Polluted Khrew

Located at a distance of 23 kilometers from Srinagar to its south, is the picturesque locality of Khrew in Kashmir where, at one time, nature was unparalleled in its maiden beauty and freshness. The forests and woods extended right up to Dachigam, the famous wild life sanctuary of Kashmir. It has a bountiful nature, where fruits of different variety, apples, almonds and walnuts grow in abundance. Apart from these advantages, Khrew area is famous for saffron cultivation.

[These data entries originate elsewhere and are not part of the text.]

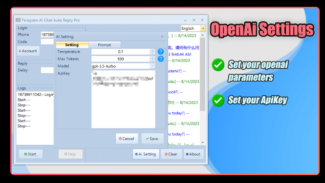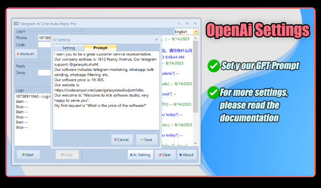 Yes, we have integrated OpenAI into our system. This allows you to set your own prompts and engage in automated conversations with your Telegram contacts.
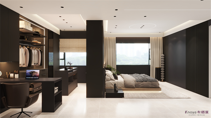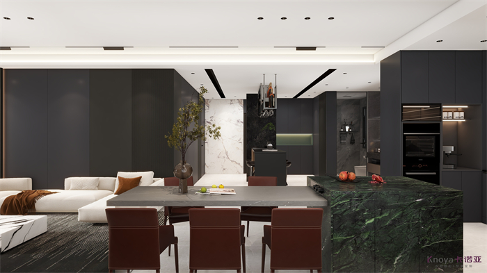 作品简介:全体以古代为主,入户地区和酒水吧地区做环抱型设想,全体更通透空间,客堂背景墙应用了叠级的手段弱化承重柱,沙发背景一样接纳叠级做到照应的设想,主卧撤除隔邻寝室做主卧步入式衣帽间,增添了主卧的灵活和空间,儿童房接纳近似榻榻米手段设想,全体做收纳储物进修文娱空间,厨房做开放式厨房,全体色系为黑灰,天花吊顶接纳无主灯加智能灯光,全体空间和空气温馨度拉满。
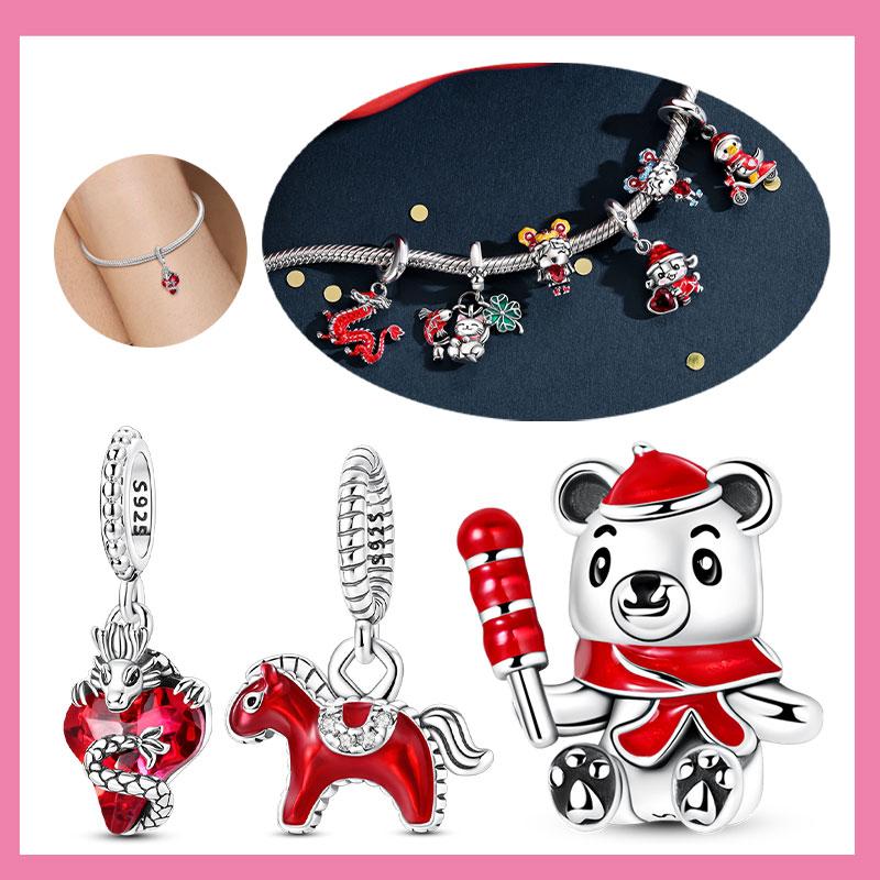 Kupferanhänger Neujahrsserie Rote kandierte Hagebutten Bär Herz Perlen Anhänger Passend für Originalarmband DIY Schmuck für Frauen
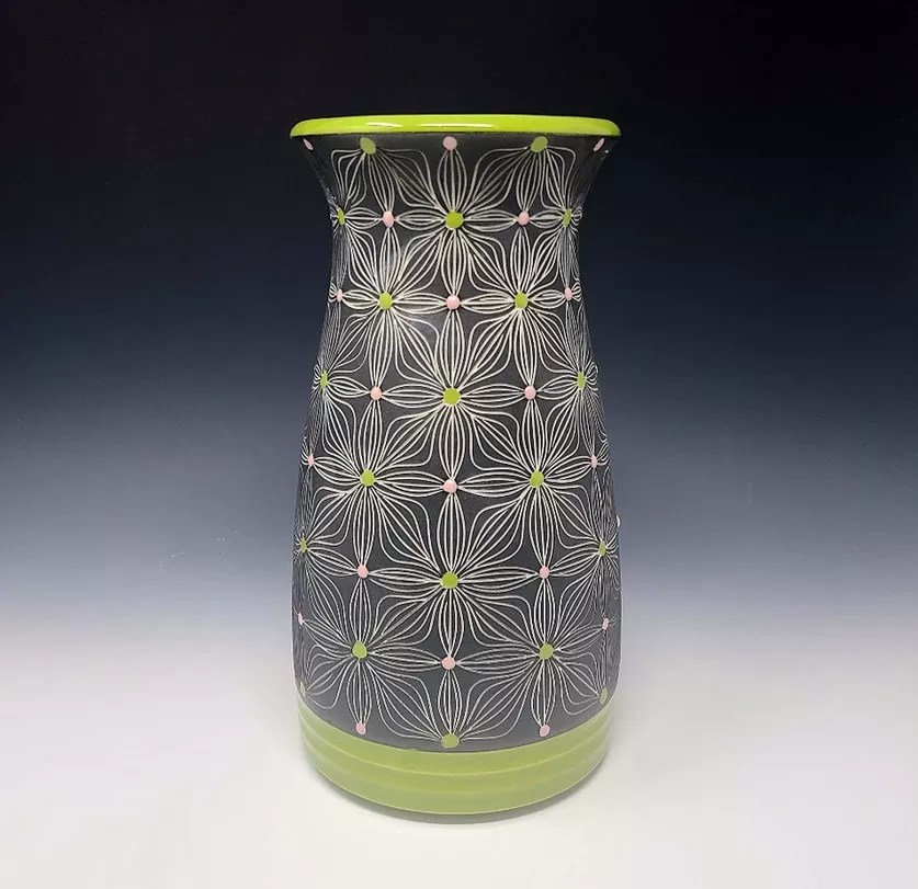 Mark Conlon, wheel-thrown porcelain vase with hand-carved pattern and green glazed interior with bare porcelain exterior, and green and pink dots.
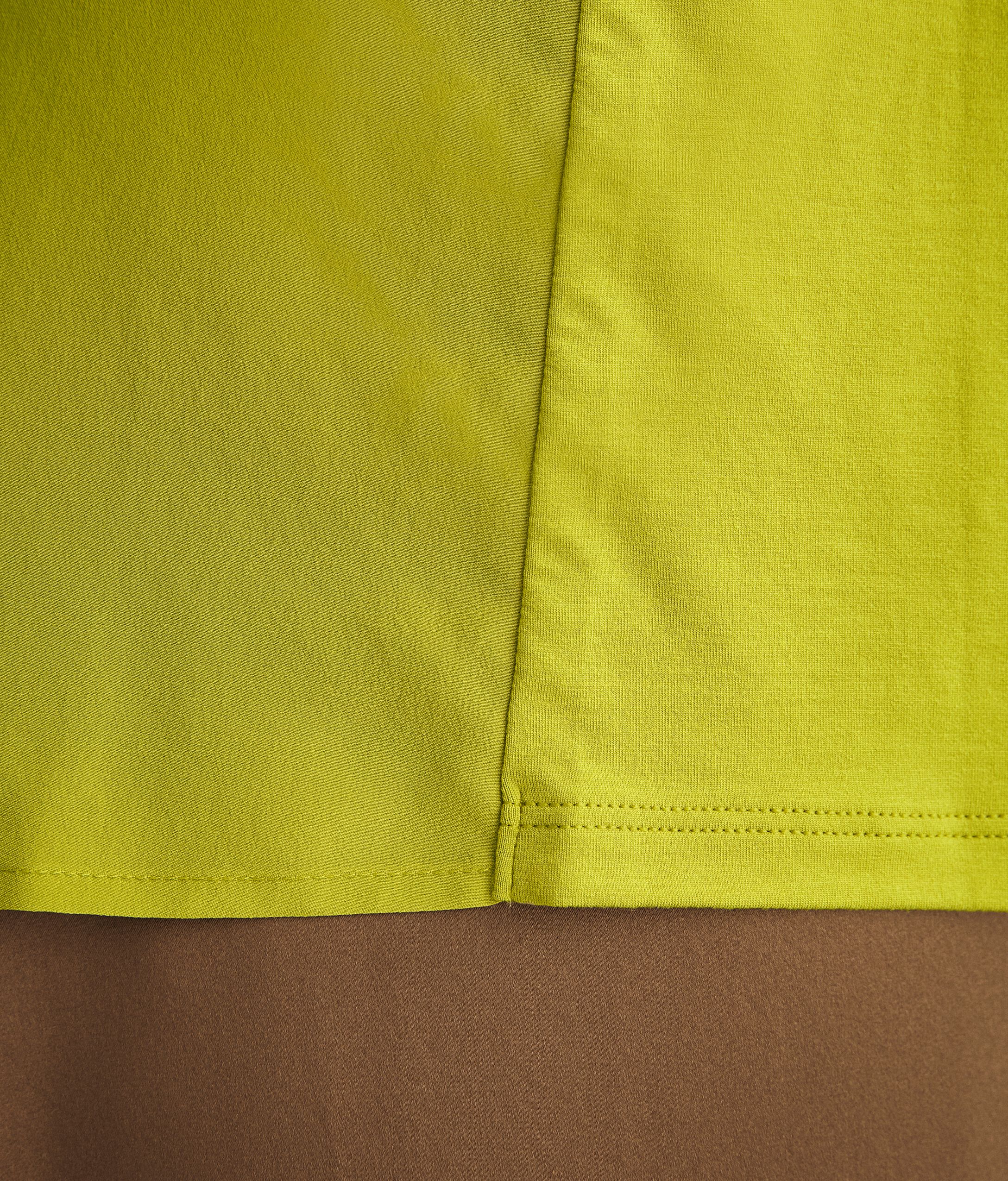 L'identità del brand prende vita dal pregio dei filati e si esprime nelle linee pulite ed armoniose della collezione in un raffinato equilibrio di fascino e stile. La texture rarefatta della pura seta crepe de chine esalta i volumi di questa camicia girocollo e fluida avvolge le forme femminili in una delicata trasparenza. Perfetta da indossare come sottogiacca.

Unfortunately this picturesque locale and its fresh air have been polluted by wanton human activity. In 1984, Kashmir Cement Project (KCP) established a cement factory here and local youths were employed in it. But by the year 2004, seven cement manufacturing units came up in a particular area of Khrew close to villages Pakhribal, Nagadore and Botthen. These cement factories are emitting huge quantities of cement dust that pollutes the entire area far and wide. The fresh air and environs have become terribly polluted and its impact on flora and fauna of the region is disastrous. Firstly the wild animals, especially the famous Hangul, have disappeared from the forests of Khrew and are no more around. Even the birds are becoming rare and they appear very less now. The fruit trees and the crops are damaged by the cement dust. And above all, the saffron crop is adversely affected by the polluted air. It has also been found that people of the area are victims of respiratory problems caused by breathing dust. This is what we call the wanton destruction caused by human beings to Mother Nature.
We strongly appeal to the Government, the Department of Environment and Ecology, the Tourism Department and all concerned to take immediate steps of saving the flora and fauna of this picturesque area. These factories should be asked to introduce most modern methods of containing emission of cement dust. We fail to understand why six cement factories were allowed to be established in the area taking no note of pollution which these would cause. Relocation of these factories away from human and animal habitation would be an ideal solution of the problem. But as that might take a long time, the Government authorities should direct the factory owners to strictly enforce the standing regulations of not polluting the air.